- Exercise goal -
Please write the listing below out again exactly, leaving every picture behind.

- Data section -

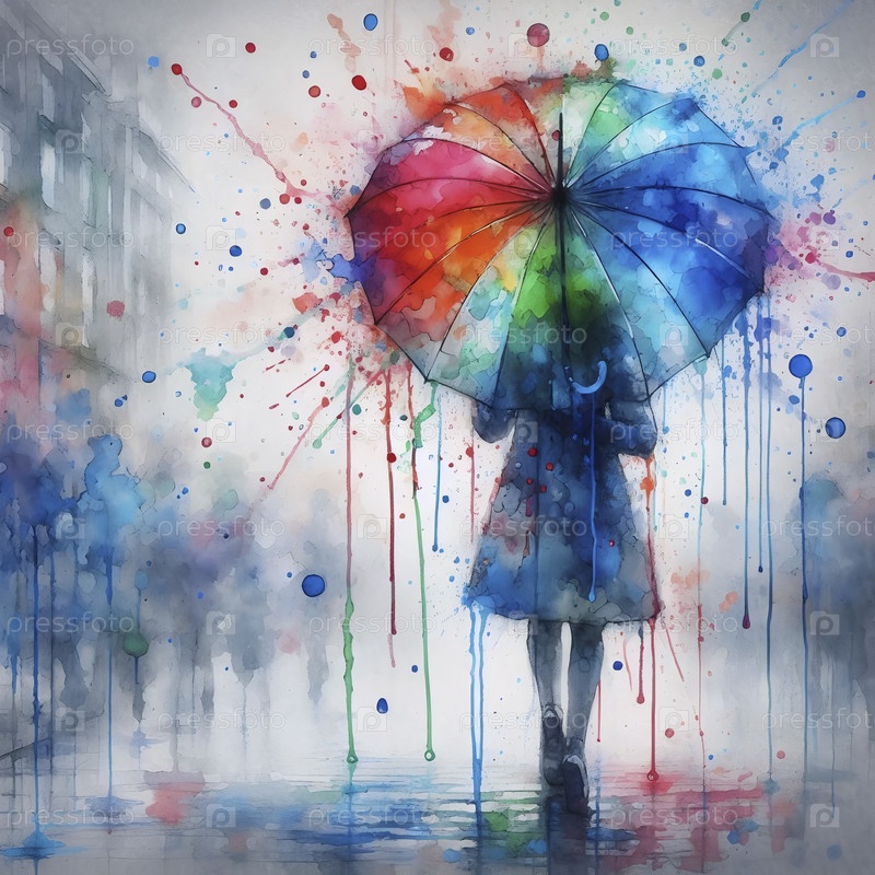 Зонтик под акварельным дождем, Ai generated image
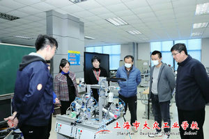 参观团主要参观了学校规模宏大的实训中心,在原型制作、工业机械世界技能大赛中国集训基地,智能制造中心驻足停留,嘉定工匠王文强老师正在实训中心指导学生备战上海市“星光计划”第十届职业院校技能大赛,王老师向解院长等人介绍了赛事概况、学员的备赛进度等。工业机器人实训中心硬件升级,优化了实训场地,并购置了大批供教育教学使用的高配置设备。机电一体化实训中心内,来自兄弟院校的师生正在与学校备赛师生切磋交流,娴熟的操作技能引得参观团连连称赞。
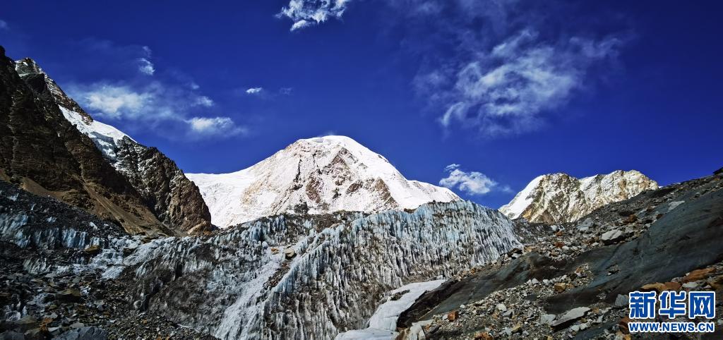 窮母崗日峰海拔7048米,位于西藏自治區(qū)中部的尼木縣境內(nèi)。窮母崗日峰腳下存有大面積冰川,形成壯麗的冰川地貌,在陽(yáng)光的照射下發(fā)出瑰麗的光彩。

- Result of the exercise -
 Зонтик под акварельным дождем, Ai generated image
 参观团主要参观了学校规模宏大的实训中心,在原型制作、工业机械世界技能大赛中国集训基地,智能制造中心驻足停留,嘉定工匠王文强老师正在实训中心指导学生备战上海市“星光计划”第十届职业院校技能大赛,王老师向解院长等人介绍了赛事概况、学员的备赛进度等。工业机器人实训中心硬件升级,优化了实训场地,并购置了大批供教育教学使用的高配置设备。机电一体化实训中心内,来自兄弟院校的师生正在与学校备赛师生切磋交流,娴熟的操作技能引得参观团连连称赞。
 窮母崗日峰海拔7048米,位于西藏自治區(qū)中部的尼木縣境內(nèi)。窮母崗日峰腳下存有大面積冰川,形成壯麗的冰川地貌,在陽(yáng)光的照射下發(fā)出瑰麗的光彩。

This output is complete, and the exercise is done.